My Do根性 Girl (1)



新シリーズを始めておいて、いきなり中断でごめんなさい^-^;

えーと、『彼の瞳の向こうには』を書いた後に、琴子ちゃんの悪阻時代の話を、というリクエストいただきまして。
確かにかなり辛い妊娠初期だった風に書いてしまったもんなーっと、(特に深く考えていたわけではなかったのですが)色々皆さまの妄想を誘ってしまったようなので、私もちょっと妄想してみました(^^)

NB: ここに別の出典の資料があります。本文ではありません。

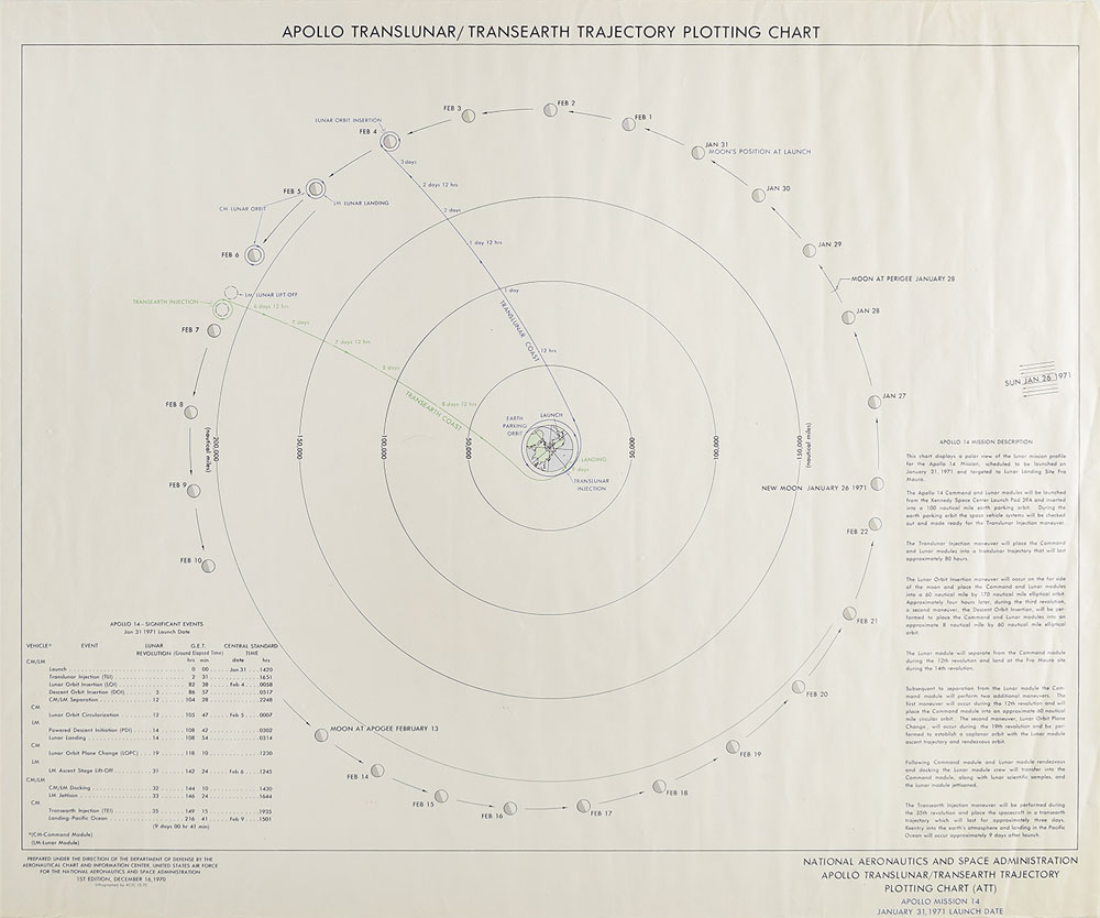 Color first edition Translunar/Transearth Trajectory Plotting Chart for the Apollo 14 mission, 24 x 20, dated December 16, 1970, displaying a polar view of the lunar mission profile for Apollo 14, showing the various significant events during the nine-day mission. Lithographed by ACIC 12-70 and prepared under the direction of the Department of Defense by the Aeronautical Chart and Information Center. Rolled and in fine condition, with light vertical folds and some creases.

というわけで、琴子ちゃんのマタニティライフ&マタニティブルー編です。
2000年2月~3月くらいのお話です。


ちょっと変なプロローグから始まりますが………^-^;





※※※※※※※※※※※※※※






むかしむかし ある王国に王子さまとお姫さまがおりました。

お姫さまは王子さまが大好きです。

「ダイスキ ダイスキ ダイスキ」

毎日呪文を唱えます。

はじめは逃げ回っていた王子さまもお姫さまのたぐいまれな努力と根性とパワーに気圧されて、気がついたらお姫さまの呪文にかかっておりました。

王子さまも

「オマエハオレ以外スキニナレナインダヨ」

と呪文をかけます。

そして二人はとうとう結ばれました。

二人はとても幸せに暮らしていましたーーが。

王子さまはお姫さまにもうひとつ呪文をかけておりました。

「オマエカラヤル気ヤ根性抜イタラ何モ残ラナイ」

なので、お姫さまはいつもパワー全開、ヤル気に満ち満ちて、努力と根性を怠らず前向きに過ごしておりました。

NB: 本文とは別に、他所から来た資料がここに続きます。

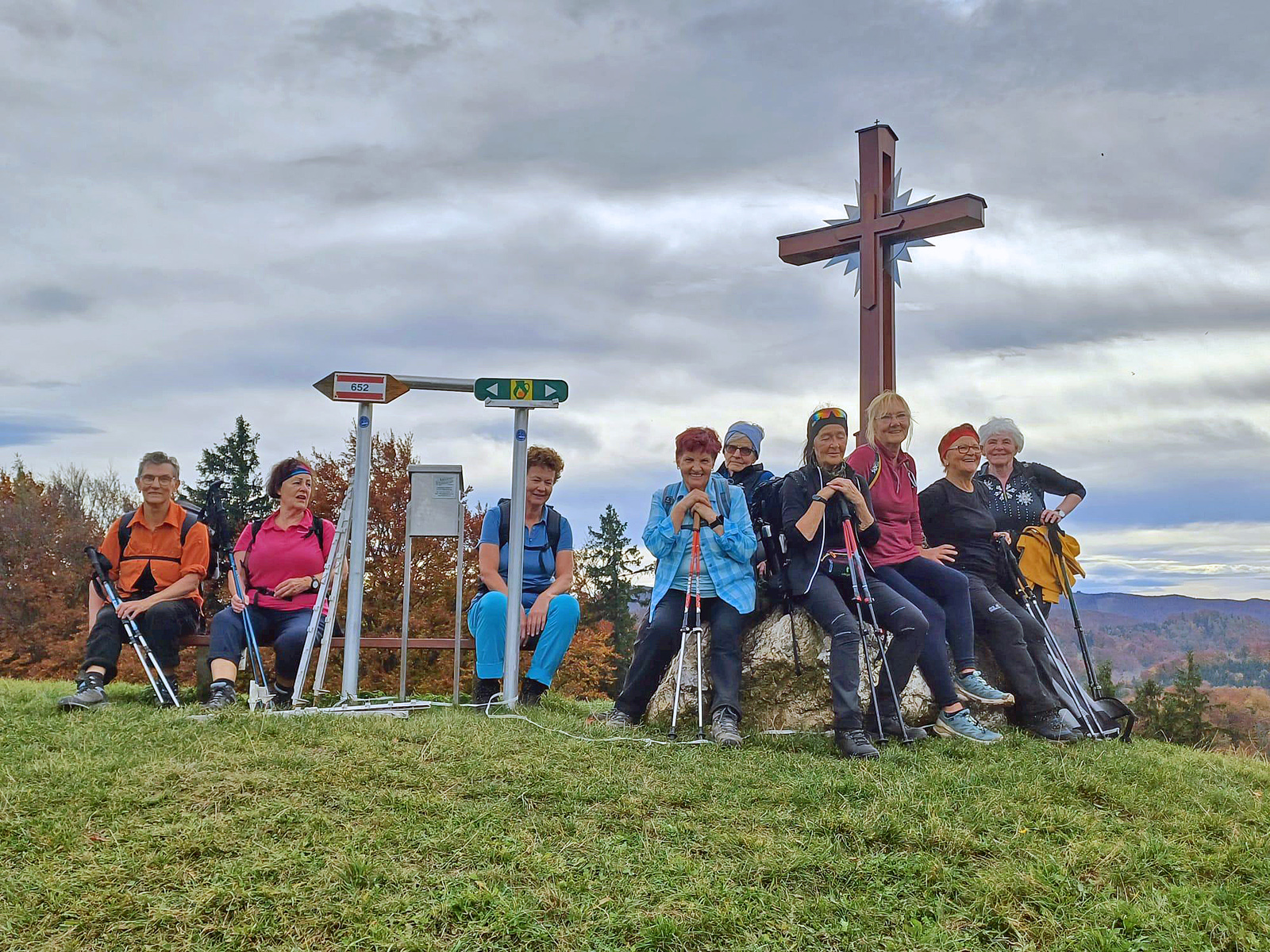 Trotz Ansage von Sturm und Regen starteten elf Tapfere – zehn Damen und ein Wanderführer – bei leichtem Nebel, aber gutgelaunt in Rabenstein an der Pielach. Je höher wir über laubbedeckte Wege nach oben stiegen, desto heller und wärmer wurde es. Supa! Bald sahen wir – teilweise nebelverhangen – die imposanten Überreste der Ruine Rabenstein. Durch ein gut erhaltenes Tor betraten wir das Innere. Kurze Pause auf dem Aussichtsturm und Richtung Sonne, die sich wider Erwarten immer mehr durchsetzte. Jetzt ging es entlang eines Höhenkammes auf und ab mit herrlicher Aussicht auf die Hügel des Alpenvorlandes, geschmückt mit vielen goldgelben und rötlich-braunen Bäumen und beeindruckenden Bauernhöfen. Die Josef-Franz-Hütte ließen wir links liegen und erreichten über Geiseben den letzten Anstieg zum Gipfelkreuz des Kaiserkogel. Eine ausgiebige Jause in der zum Glück geöffneten Kaiserkogelhütte war die richtige Belohnung für den doch ziemlich langen, aber wunderbar herbstlichen „Hatscher“. Der Abstieg führte über die Deutschbachmühle, die letzten 2 km leider auf Asphalt zurück zum Ausgangspunkt. Alle waren ziemlich groggy, aber auch sehr zufrieden und erfüllt.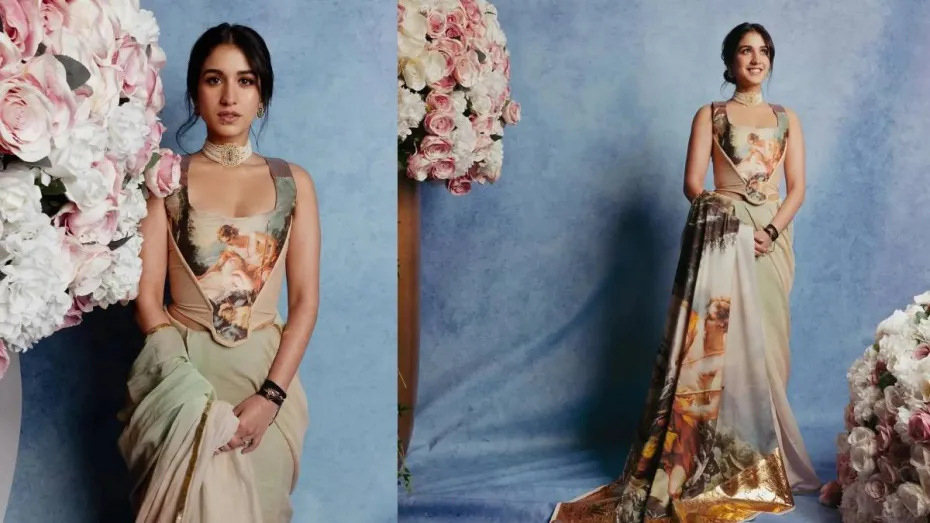 राधिका हमेशा ही अपने कपड़ों में बारीक चीजों का ध्यान रखती हैं और इसी से लोगों का ध्यान खींचती हैं। उन्हें कोई भी आम सी दिखने वाली चीज पसंद नहीं आती। वो हमेशा कुछ अलग और नया चुनती हैं। इस बार भी उन्होंने इस बात का खास ध्यान रखा है। मुंबई के गेटवे ऑफ इंडिया पर विविएन वेस्टवुड के डेब्यू फैशन शो में सितारे विदेशी स्टाइल में सजे नजर आए, लेकिन एक राधिका मर्चेंट ही थी जो सबसे इतर, बिल्कुल हटके लुक में दिखीं। उन्होंने फिर हर किसी का ध्यान खींचा। अब उनके आउटफिट के ही चर्चे हो रहे हैं। इस खास मौके के लिए उन्होंने सिंपल और एलिगेंट साड़ी को चुना। उन्होंने अपनी पेस्ट पिंक, ग्रीन गार्डन प्रिंट शिफॉन स्टाइल साड़ी को एक कॉर्सेट टॉप के साथ कैरी किया। ये कोर्सेट ही इस पुरे लुक का केंद्र रहा।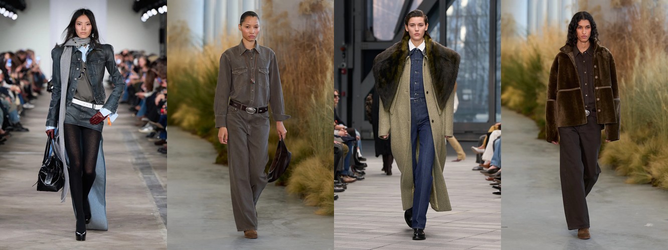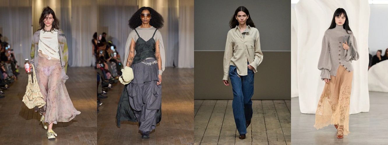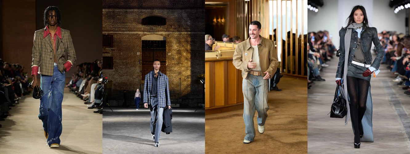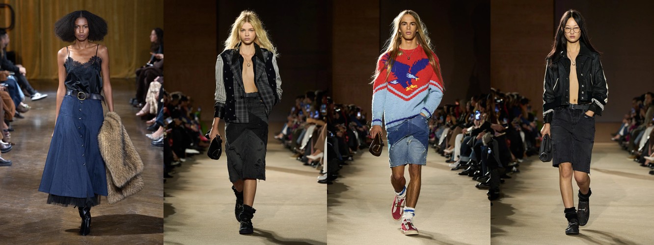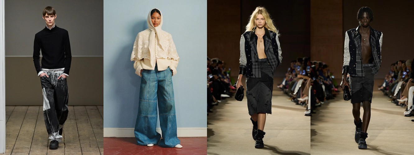 Деним перестаёт быть «демократичной базой» и становится полем для экспрессии и субкультурной маркировки. Ламинирование, потёртость, рваная текстура, перенос в юбочный формат — всё это признаки того, что дизайнеры используют деним как материал для трансгрессии, а не комфорта. В сочетании с ростом тегов «гранж» (+78,31%) и падением «преппи» (–48,55%) это формирует отчётливый вектор: от «хорошей девочки» к «плохой девочке», от Ральфа Лорена к Вивьен Вествуд.

難しい国の儀式も作法も覚えろと言われれば頭は良くないのに頑張って覚え、

王国の民が困っていればいつも駆けつけ解決し、

みんなが幸せに暮らせるように頑張っていました。


ある日のことです。
王子さまは隣の国へ訪問しており留守でした。
王国は何日もの間、雨が降りやまず、皆不安な思いを抱いておりました。
そんな時、雨のせいで堰が決壊しそうだと報告があり、お姫さまは家臣たちが止めるのも聞かず現場に駆けつけました。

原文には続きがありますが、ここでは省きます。